Directions for this task: What you return should match every record exactly, with the images removed.

Collected data entries:
========================================================================
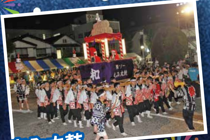
もみ太鼓 (東ソー(株)南陽事業所)
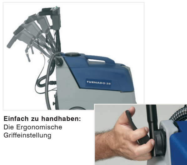
Einfach zu handhaben: Die Ergonomische GriffEinstellung
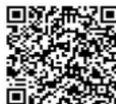
登録フォーム用 QR コード

登録フォーム URL： https://forms.gle/nHBPDMPT4i6Z6XLv8
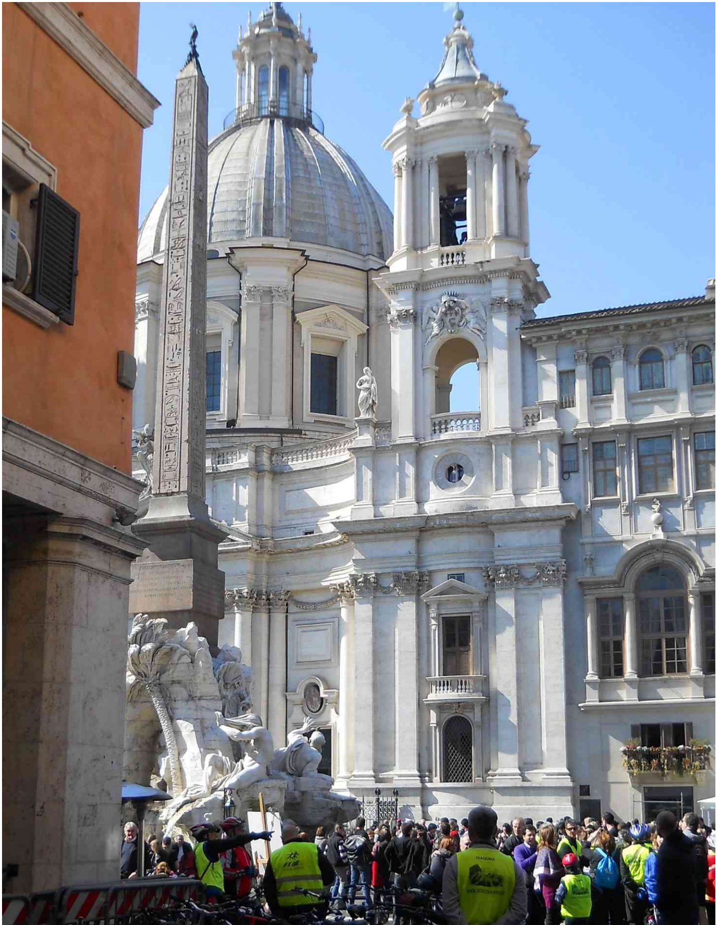
...piazza Navona con la stupenda Sant'Agnese in Agone (cap. 5)...
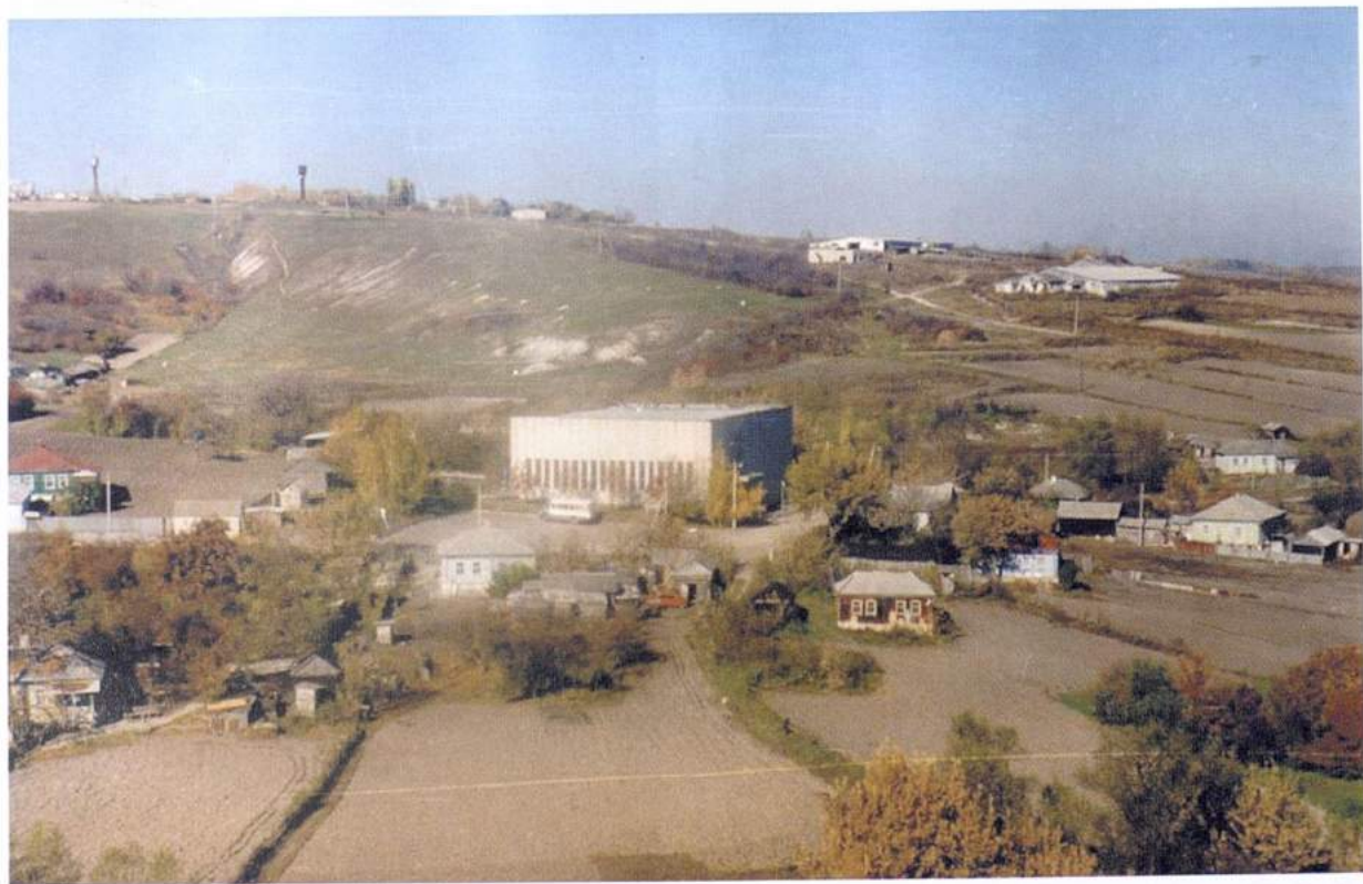
Рис. 30. Костенки. Здание музея
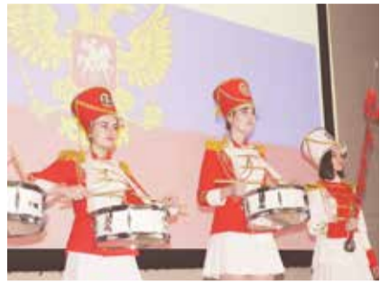
Окончание. Начало на стр. 1.

В продолжение праздника выступили творческие коллективы. Зрителей порадовал вокальный ансамбль «Алькор», эстрадная студия «Вокс» Дома культуры «Коммунарка», хореографический ансамбль «Чижовники» и секция спортивно-эстрадных танцев: совсем юные артистки смотрелись невероятно трогательно и буквально
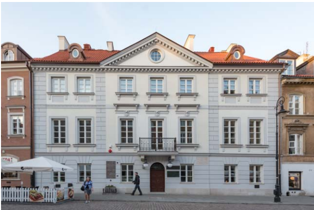
8. kép. Marie Curie szülőháza Varsóban.

Marie és Pierre Curie munkássága új korszakot nyitott a fizikában és a kémiában, a radioaktivitás vizsgálatának terén nagy lendületet adott a kortársaknak és a későbbi kutatóknak. A nukleáris tudomány eredményeit az élő és élettelen természettudományok szinte minden területén alkalmazzák, annak motorja volt a 20. században. Ezt a tudományterület által elnyert 57 darab Nobel-díj is igazolja [9]. A 96-os rendszámú elem a Curie-házaspár után kapta a kúrrium nevet, vegyjele Cm.
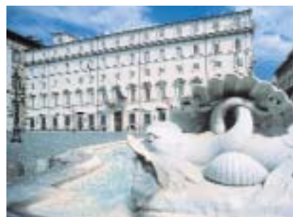
In basso: la facciata su Piazza Colonna
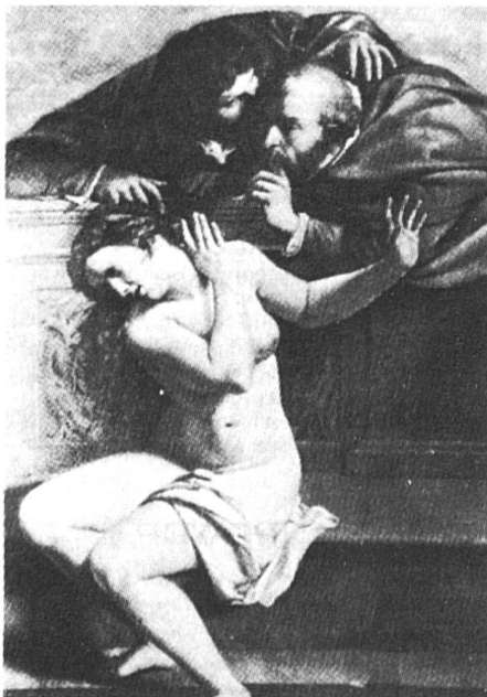
Des noms oubliés... Artemisia Gentileschi (1593-1652)

Les arts plastiques ne font pas exception : ce sont les hommes qui ont créé les grands courants de l'histoire de l'art. Les rares femmes peintres qui ont fait un métier de leur art, comme Artemisia Gentileschi à la Renaissance, ont été oubliées par l'histoire, ou, souvent, comme la sculptrice Adèle d'Affry, dite Marcello, elles y figurent sous leur pseudonyme masculin. Il ne faut pas croire pour autant que les femmes n'ont pas exercé d'activité plastique pendant des siècles ; il existe un grand nombre d'aquarelles, de pastels, d'huiles, de tapisseries, chefs-d'œuvre jamais
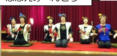
銭太鼓サークル「夢(ゆめ)」

食事の後は、竹野小学校児童による美しい歌声と、銭太鼓サークル「夢」による躍動感のある演奏が披露され、楽しいひと時となりました。
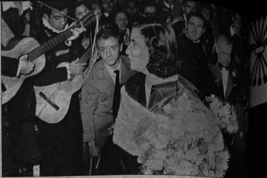
FUNCION BENEFICA. —Patrocinada por los marqueses de Villaverde se celebra una función benéfica en pro de los damnificados del Norte. La Tuna Universitaria recibe a la hija del Caudillo, a la que acompañan el marqués de Huéscar y el Nacional del Sindicato del Espectáculo.
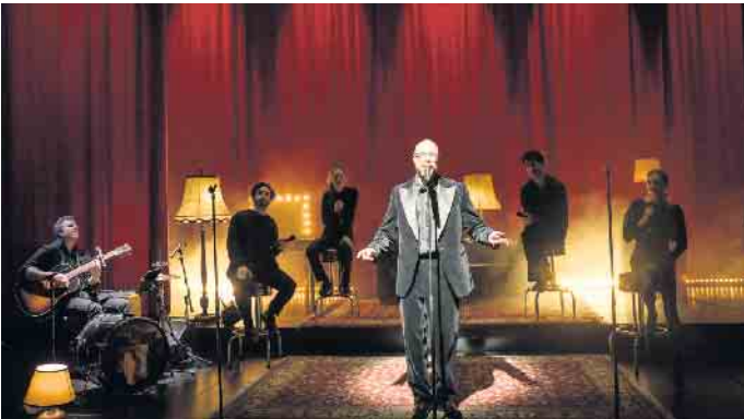
Unplugged - Schauspielhaus Bad Godesberg

Bald geht es weiter - das neue Programm der Theatergemeinde Bonn 2024/2025
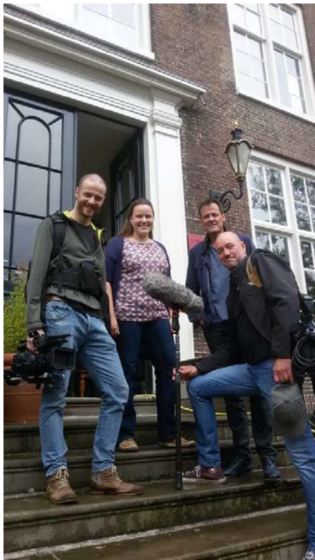
REPORTAGE MAKEN VOOR NIEUWLICHT
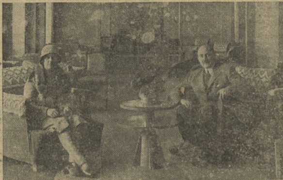
O principe Artur de Connaught e sua esposa, que ha dias se encontram hospedaos no Palacio do Estoril, e que regressam amanhã a Inglaterra
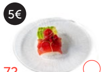
5€ 72 Chirashi tekka Alérgenos: 4,15
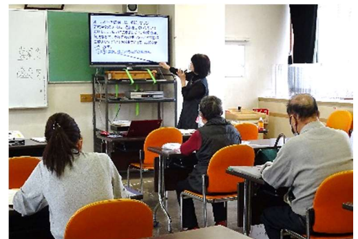
[要約筆記講習会の様子]
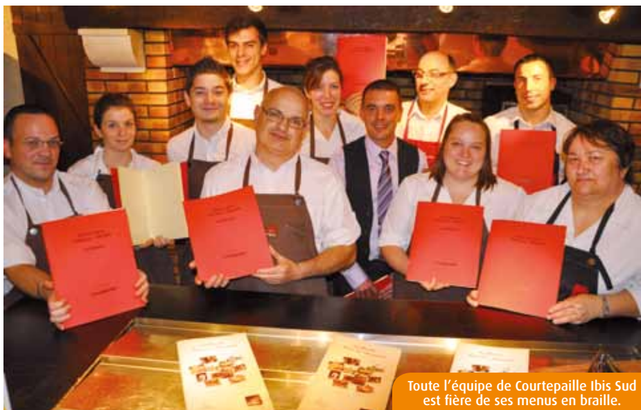
Toute l'équipe de Courtepaille Ibis Sud est fière de ses menus en braille.
========================================================================
Solved problem:
もみ太鼓 (東ソー(株)南陽事業所)
Einfach zu handhaben: Die Ergonomische GriffEinstellung
登録フォーム用 QR コード

登録フォーム URL： https://forms.gle/nHBPDMPT4i6Z6XLv8
...piazza Navona con la stupenda Sant'Agnese in Agone (cap. 5)...
Рис. 30. Костенки. Здание музея
Окончание. Начало на стр. 1.

В продолжение праздника выступили творческие коллективы. Зрителей порадовал вокальный ансамбль «Алькор», эстрадная студия «Вокс» Дома культуры «Коммунарка», хореографический ансамбль «Чижовники» и секция спортивно-эстрадных танцев: совсем юные артистки смотрелись невероятно трогательно и буквально
8. kép. Marie Curie szülőháza Varsóban.

Marie és Pierre Curie munkássága új korszakot nyitott a fizikában és a kémiában, a radioaktivitás vizsgálatának terén nagy lendületet adott a kortársaknak és a későbbi kutatóknak. A nukleáris tudomány eredményeit az élő és élettelen természettudományok szinte minden területén alkalmazzák, annak motorja volt a 20. században. Ezt a tudományterület által elnyert 57 darab Nobel-díj is igazolja [9]. A 96-os rendszámú elem a Curie-házaspár után kapta a kúrrium nevet, vegyjele Cm.
In basso: la facciata su Piazza Colonna
Des noms oubliés... Artemisia Gentileschi (1593-1652)

Les arts plastiques ne font pas exception : ce sont les hommes qui ont créé les grands courants de l'histoire de l'art. Les rares femmes peintres qui ont fait un métier de leur art, comme Artemisia Gentileschi à la Renaissance, ont été oubliées par l'histoire, ou, souvent, comme la sculptrice Adèle d'Affry, dite Marcello, elles y figurent sous leur pseudonyme masculin. Il ne faut pas croire pour autant que les femmes n'ont pas exercé d'activité plastique pendant des siècles ; il existe un grand nombre d'aquarelles, de pastels, d'huiles, de tapisseries, chefs-d'œuvre jamais
銭太鼓サークル「夢(ゆめ)」

食事の後は、竹野小学校児童による美しい歌声と、銭太鼓サークル「夢」による躍動感のある演奏が披露され、楽しいひと時となりました。
FUNCION BENEFICA. —Patrocinada por los marqueses de Villaverde se celebra una función benéfica en pro de los damnificados del Norte. La Tuna Universitaria recibe a la hija del Caudillo, a la que acompañan el marqués de Huéscar y el Nacional del Sindicato del Espectáculo.
Unplugged - Schauspielhaus Bad Godesberg

Bald geht es weiter - das neue Programm der Theatergemeinde Bonn 2024/2025
REPORTAGE MAKEN VOOR NIEUWLICHT
O principe Artur de Connaught e sua esposa, que ha dias se encontram hospedaos no Palacio do Estoril, e que regressam amanhã a Inglaterra
5€ 72 Chirashi tekka Alérgenos: 4,15
[要約筆記講習会の様子]
Toute l'équipe de Courtepaille Ibis Sud est fière de ses menus en braille.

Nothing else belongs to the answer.